A league spokesman left the question of what David Stern intends to do about high-stakes card games open-ended, saying, "we've always viewed those as team decisions." The Nets and Wizards both said this past week they had prohibited gambling on team flights.

But other teams are still allowing players to gamble because, even if pots can be seen as excessive, the majority of players have shown over the years that they can act responsibly. One former Knicks executive recalled a point during the Patrick Ewing era when the stakes got too high. Management stepped in, demanded changes and the situation was resolved without incident.

This time, because of the publicity surrounding the gun play, Stern might be forced to crack down on high-stakes games.

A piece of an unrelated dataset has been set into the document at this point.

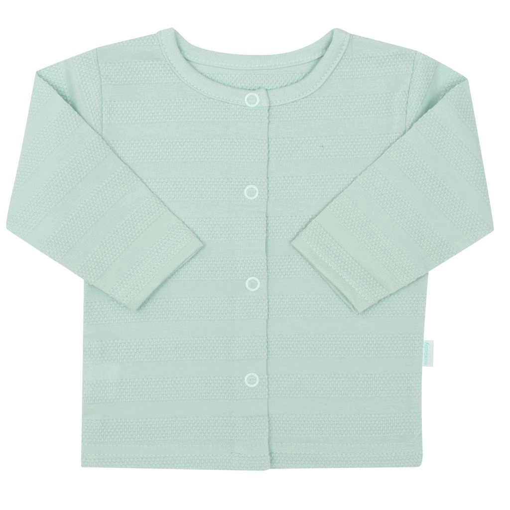 Acest set stilat de 7 piese NEW BABY I AM este creat pentru nevoile nou-născuților. Țesătura din bumbac moale este blândă cu pielea sensibilă, iar datorită sistemului inteligent de închidere cu capse, îmbrăcarea și schimbarea devin mai ușoare. Nuanța de mentă și textura discretă a materialului oferă un aspect modern, ideal ca cadou pentru bebeluș și pentru maternitate.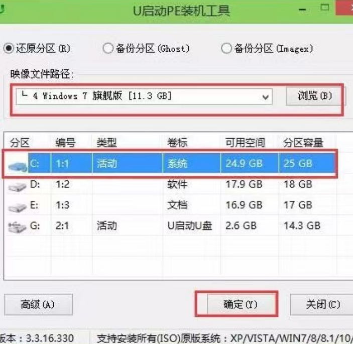 3、將準備好的win7系統鏡像儲存在c盤中,單擊確定。

"David will try to curtail it," said a former league executive. "He knows it's been going on for years. I don't know how he can do it. But the stakes in some of these games have gotten out of control."

The timing can't be worse. The NBA has just been emerging from a gambling scandal involving former ref Tim Donaghy.
It still is taking heat for putting its All-Star Game in Las Vegas in 2007. Earlier this season, Stern came under fire when he talked favorably about a day when there would be nationally legalized gambling on NBA games. But over the last week, the Wizards' high-stakes game and gun play has put the spotlight closer to home, and on a facet of NBA life as common as the players' per diem.

Card games have been a staple of NBA travel for decades, with coaches and even team executives sometimes getting into the action. One Eastern Conference GM, who said that he will continue to allow his team's card games, predicted that Stern might try to put in a rule that prohibits gambling and use the same language that covers the league's gun laws.